-- The data follows --

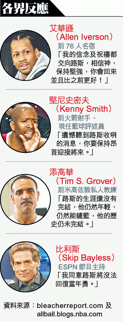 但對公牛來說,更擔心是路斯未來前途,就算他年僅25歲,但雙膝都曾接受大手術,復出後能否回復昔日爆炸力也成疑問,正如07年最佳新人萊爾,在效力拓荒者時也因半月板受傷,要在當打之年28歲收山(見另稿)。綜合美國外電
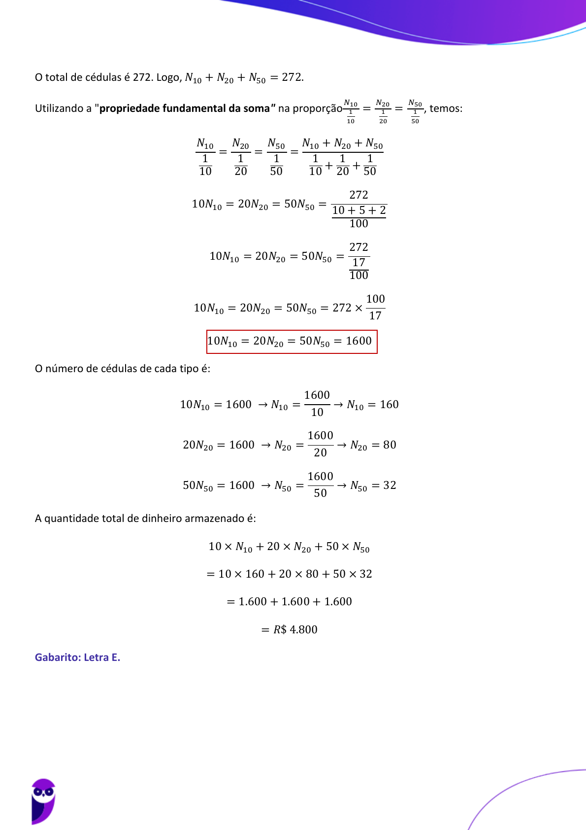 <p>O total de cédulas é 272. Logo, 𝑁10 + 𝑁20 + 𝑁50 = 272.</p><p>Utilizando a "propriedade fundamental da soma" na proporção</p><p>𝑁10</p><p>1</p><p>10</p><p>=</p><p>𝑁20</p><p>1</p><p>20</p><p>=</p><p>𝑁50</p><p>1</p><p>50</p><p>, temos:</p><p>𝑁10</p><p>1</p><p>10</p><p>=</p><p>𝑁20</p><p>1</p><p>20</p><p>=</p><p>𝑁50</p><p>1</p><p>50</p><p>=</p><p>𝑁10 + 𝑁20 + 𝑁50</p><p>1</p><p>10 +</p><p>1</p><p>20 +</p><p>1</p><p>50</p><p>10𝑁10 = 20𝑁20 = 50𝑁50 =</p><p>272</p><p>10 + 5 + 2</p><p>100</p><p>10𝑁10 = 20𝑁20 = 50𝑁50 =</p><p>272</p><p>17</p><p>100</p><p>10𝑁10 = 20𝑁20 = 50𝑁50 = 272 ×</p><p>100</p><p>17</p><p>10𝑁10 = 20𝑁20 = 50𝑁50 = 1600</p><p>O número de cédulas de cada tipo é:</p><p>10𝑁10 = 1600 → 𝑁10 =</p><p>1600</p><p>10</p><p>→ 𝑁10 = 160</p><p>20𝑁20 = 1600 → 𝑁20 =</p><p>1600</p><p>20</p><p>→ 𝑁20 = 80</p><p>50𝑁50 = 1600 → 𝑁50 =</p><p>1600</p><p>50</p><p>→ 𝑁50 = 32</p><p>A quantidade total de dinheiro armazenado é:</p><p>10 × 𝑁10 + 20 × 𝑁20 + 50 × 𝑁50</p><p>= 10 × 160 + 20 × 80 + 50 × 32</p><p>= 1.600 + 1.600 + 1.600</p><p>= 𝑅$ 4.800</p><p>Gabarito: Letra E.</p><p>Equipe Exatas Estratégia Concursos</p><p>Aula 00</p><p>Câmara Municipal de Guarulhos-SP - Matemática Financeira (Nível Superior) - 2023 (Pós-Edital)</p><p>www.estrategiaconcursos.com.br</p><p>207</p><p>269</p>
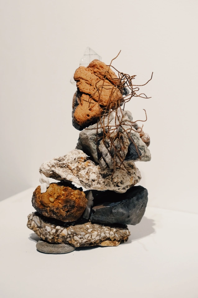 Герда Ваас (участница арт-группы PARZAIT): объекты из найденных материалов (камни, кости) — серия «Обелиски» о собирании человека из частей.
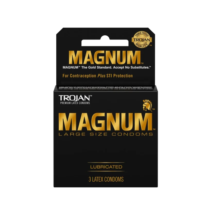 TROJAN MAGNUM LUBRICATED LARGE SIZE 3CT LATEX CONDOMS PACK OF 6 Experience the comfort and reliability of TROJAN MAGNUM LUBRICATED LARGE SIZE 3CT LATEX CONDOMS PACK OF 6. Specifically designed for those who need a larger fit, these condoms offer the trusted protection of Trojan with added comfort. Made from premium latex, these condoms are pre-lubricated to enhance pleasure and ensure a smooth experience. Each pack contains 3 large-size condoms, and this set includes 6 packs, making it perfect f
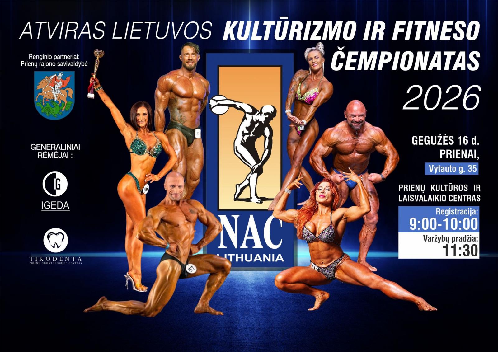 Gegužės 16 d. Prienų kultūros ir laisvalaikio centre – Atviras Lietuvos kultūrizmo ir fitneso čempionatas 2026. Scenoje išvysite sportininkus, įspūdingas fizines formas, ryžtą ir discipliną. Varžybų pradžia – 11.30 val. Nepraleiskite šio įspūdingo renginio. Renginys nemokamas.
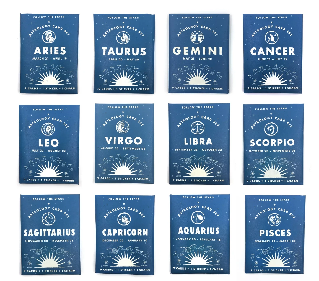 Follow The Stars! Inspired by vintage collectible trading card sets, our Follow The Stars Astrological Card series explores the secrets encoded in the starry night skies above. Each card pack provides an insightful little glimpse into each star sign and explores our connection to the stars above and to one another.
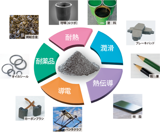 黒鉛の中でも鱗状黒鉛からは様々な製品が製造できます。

-- The data concluded --
-- The data follows --

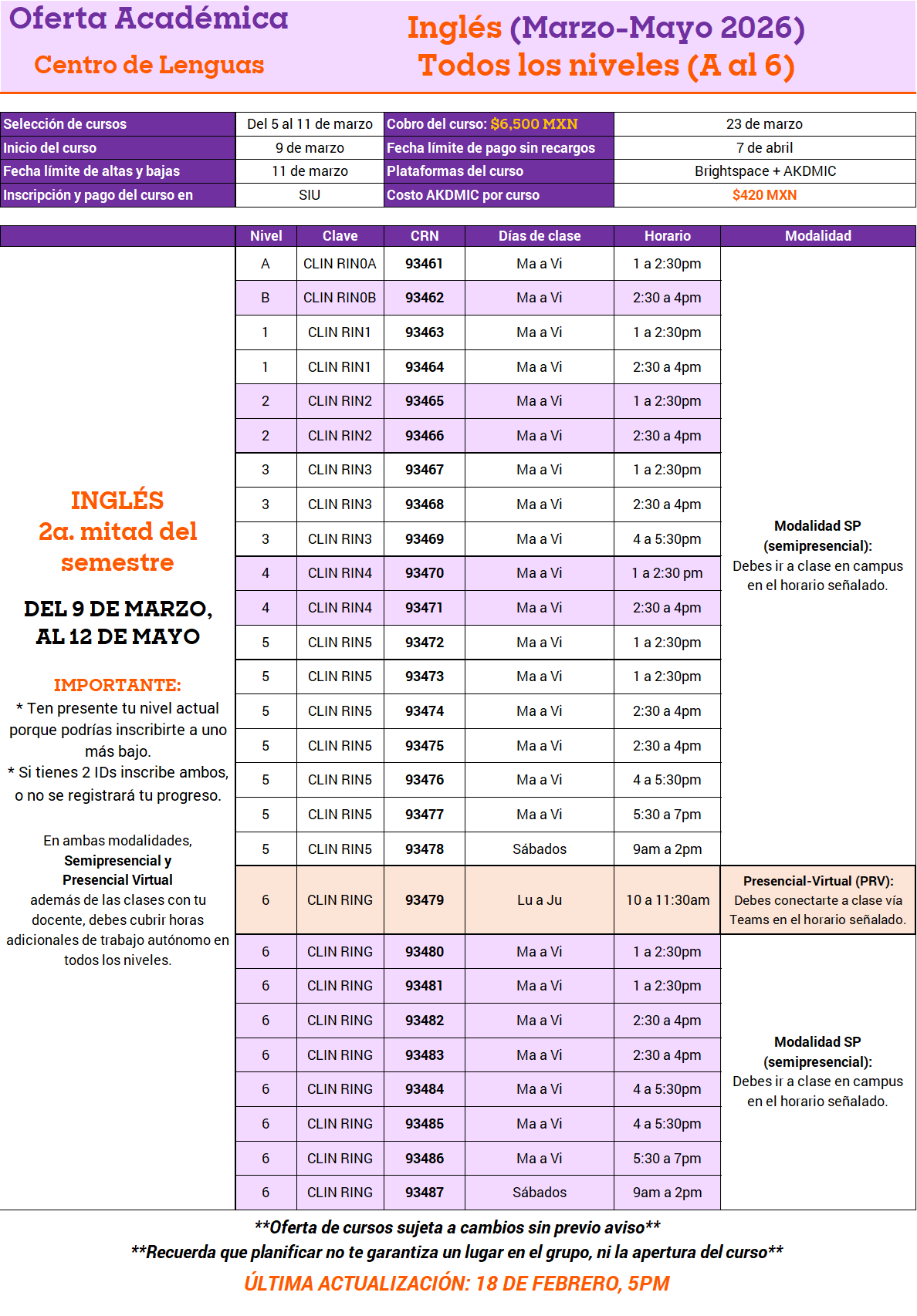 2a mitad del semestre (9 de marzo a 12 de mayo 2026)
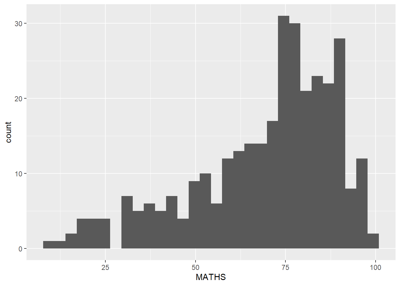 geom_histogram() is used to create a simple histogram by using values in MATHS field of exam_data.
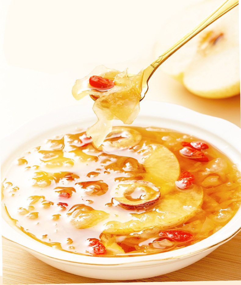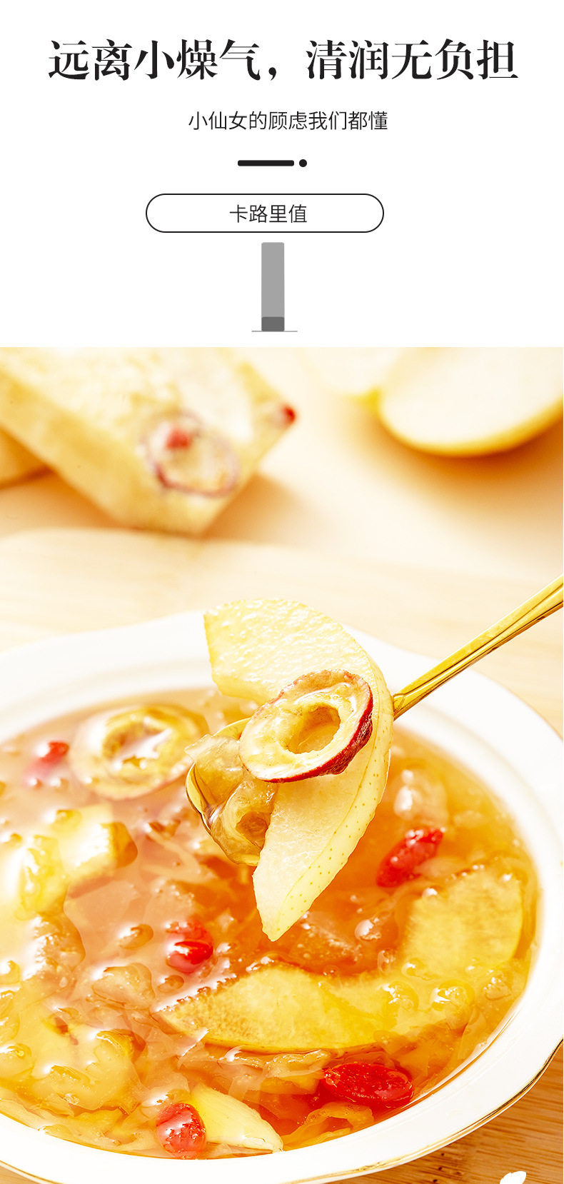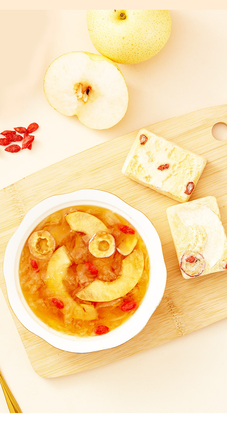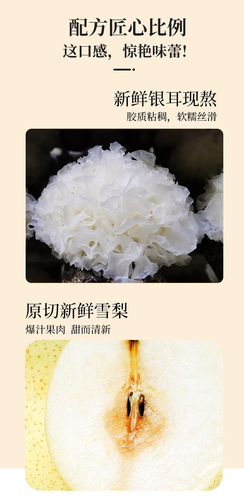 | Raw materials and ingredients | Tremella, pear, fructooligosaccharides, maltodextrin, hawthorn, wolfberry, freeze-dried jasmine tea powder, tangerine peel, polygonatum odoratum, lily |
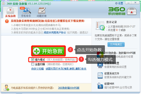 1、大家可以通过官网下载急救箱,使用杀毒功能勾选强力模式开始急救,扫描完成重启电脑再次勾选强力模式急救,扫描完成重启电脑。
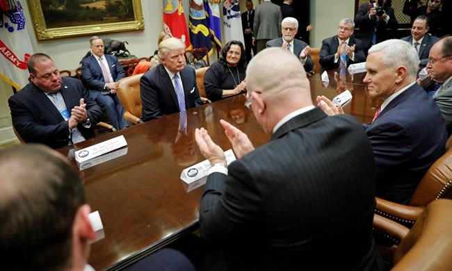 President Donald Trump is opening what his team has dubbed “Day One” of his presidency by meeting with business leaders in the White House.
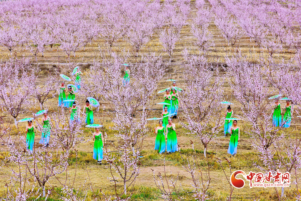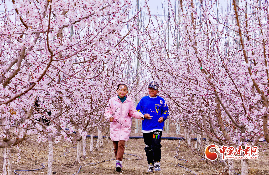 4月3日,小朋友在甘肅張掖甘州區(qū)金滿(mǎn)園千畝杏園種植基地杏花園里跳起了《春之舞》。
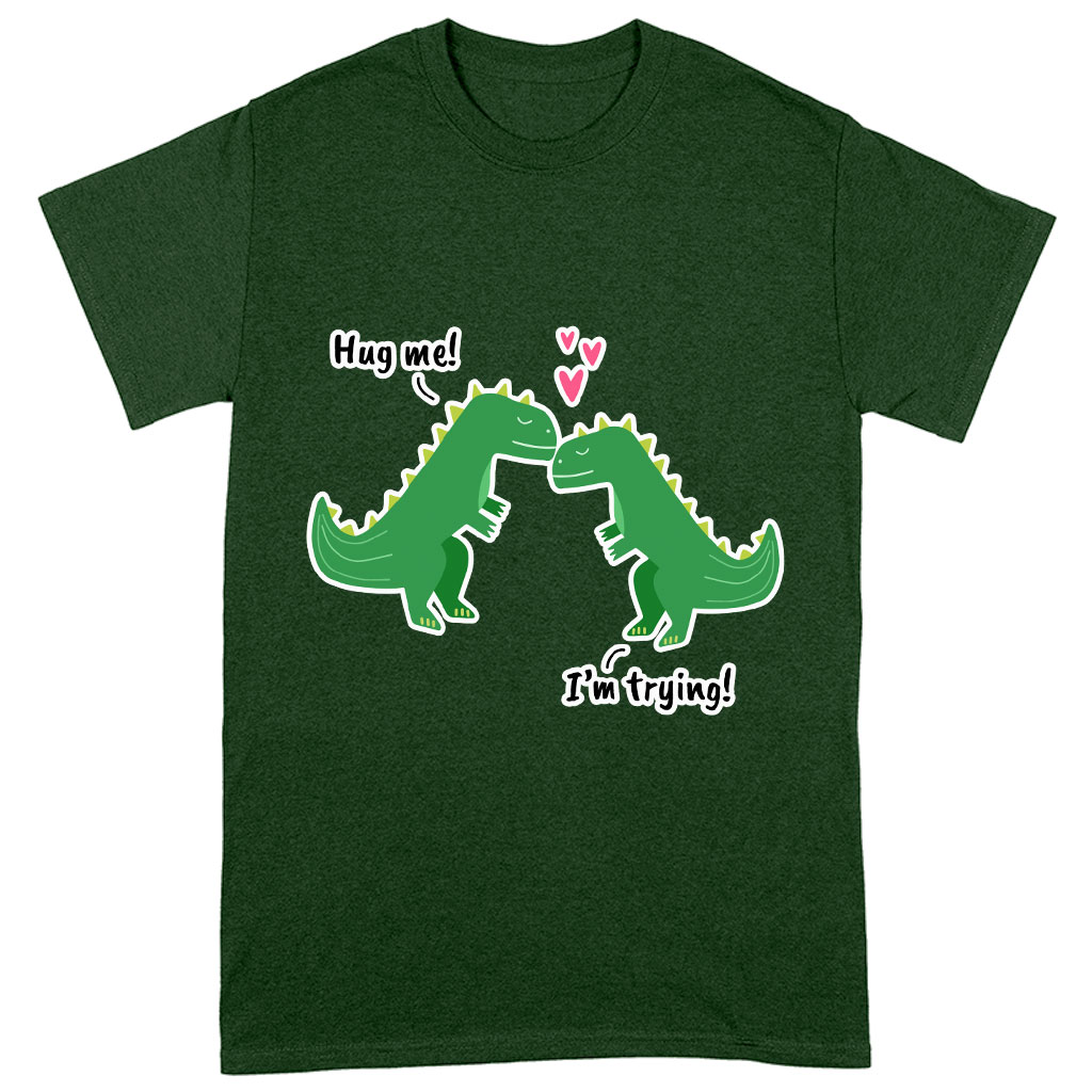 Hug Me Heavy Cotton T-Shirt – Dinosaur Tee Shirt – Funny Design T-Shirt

-- The data concluded --
-- The data follows --

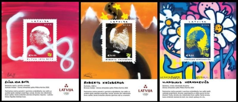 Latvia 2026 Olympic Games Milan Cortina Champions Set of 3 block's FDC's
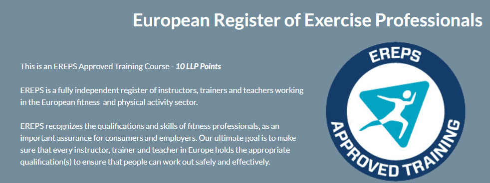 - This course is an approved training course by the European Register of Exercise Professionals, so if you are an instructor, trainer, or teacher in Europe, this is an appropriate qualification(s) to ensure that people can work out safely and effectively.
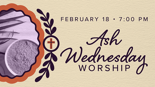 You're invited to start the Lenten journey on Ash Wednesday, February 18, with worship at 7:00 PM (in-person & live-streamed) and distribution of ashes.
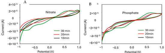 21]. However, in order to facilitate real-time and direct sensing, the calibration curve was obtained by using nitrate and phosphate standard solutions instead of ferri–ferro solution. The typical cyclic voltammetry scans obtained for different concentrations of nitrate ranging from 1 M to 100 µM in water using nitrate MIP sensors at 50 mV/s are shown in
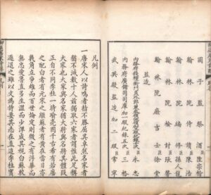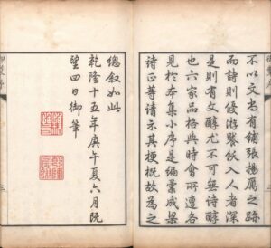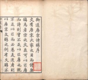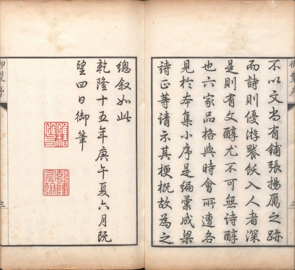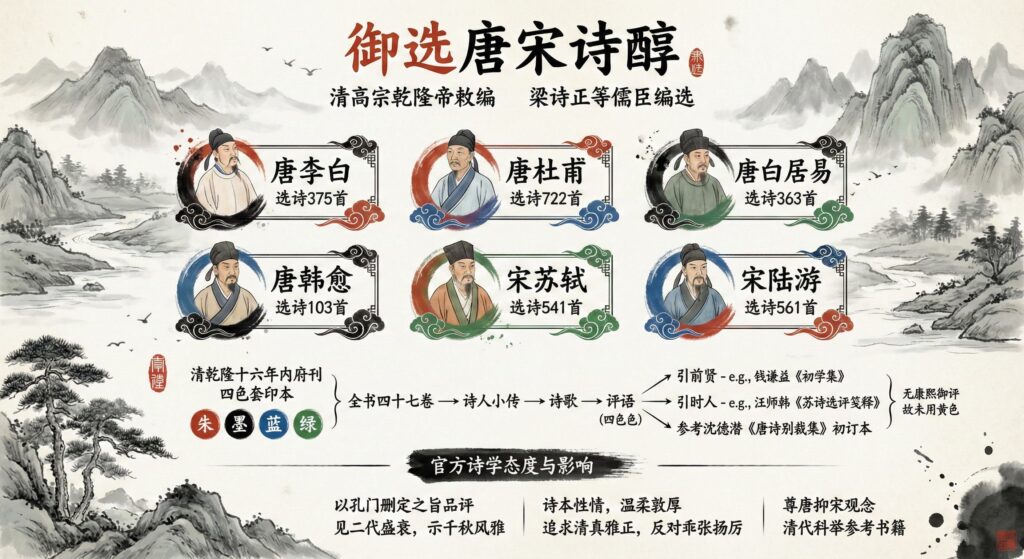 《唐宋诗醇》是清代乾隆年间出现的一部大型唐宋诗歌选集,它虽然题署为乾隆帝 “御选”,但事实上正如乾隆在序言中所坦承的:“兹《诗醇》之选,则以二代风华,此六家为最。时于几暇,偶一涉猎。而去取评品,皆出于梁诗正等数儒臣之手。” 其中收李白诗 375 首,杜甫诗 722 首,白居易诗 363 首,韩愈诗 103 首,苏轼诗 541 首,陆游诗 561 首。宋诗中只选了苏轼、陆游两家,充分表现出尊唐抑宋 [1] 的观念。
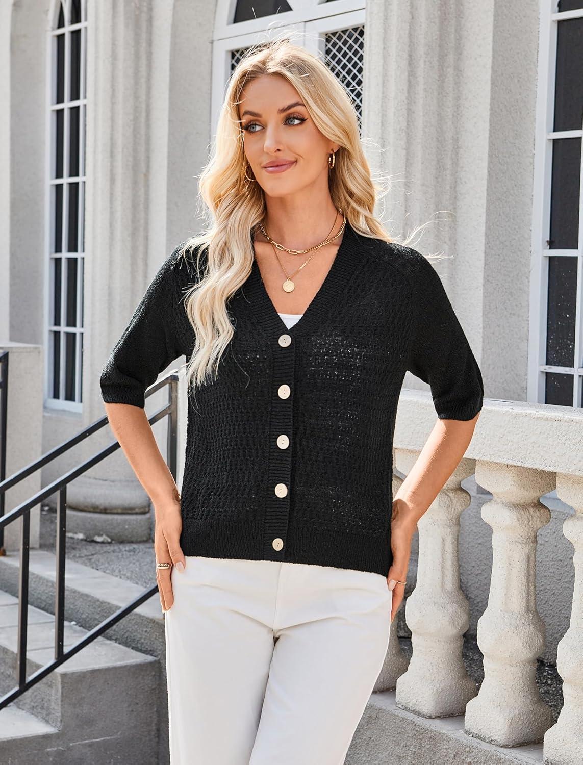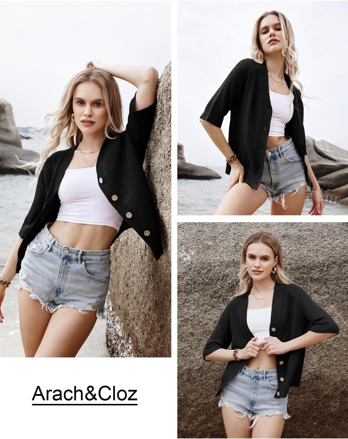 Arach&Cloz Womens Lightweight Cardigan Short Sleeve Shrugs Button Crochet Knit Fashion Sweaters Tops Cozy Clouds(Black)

-- The data concluded --

» What you have to do: Within the data above, repeat exactly the lines from the one bearing "1、大家可以通过官网下载急救" through the one bearing "4月3日,小朋友在甘肅張掖甘". Include no pictures and nothing else.

» Your response:
 1、大家可以通过官网下载急救箱,使用杀毒功能勾选强力模式开始急救,扫描完成重启电脑再次勾选强力模式急救,扫描完成重启电脑。
 President Donald Trump is opening what his team has dubbed “Day One” of his presidency by meeting with business leaders in the White House.
 4月3日,小朋友在甘肅張掖甘州區(qū)金滿(mǎn)園千畝杏園種植基地杏花園里跳起了《春之舞》。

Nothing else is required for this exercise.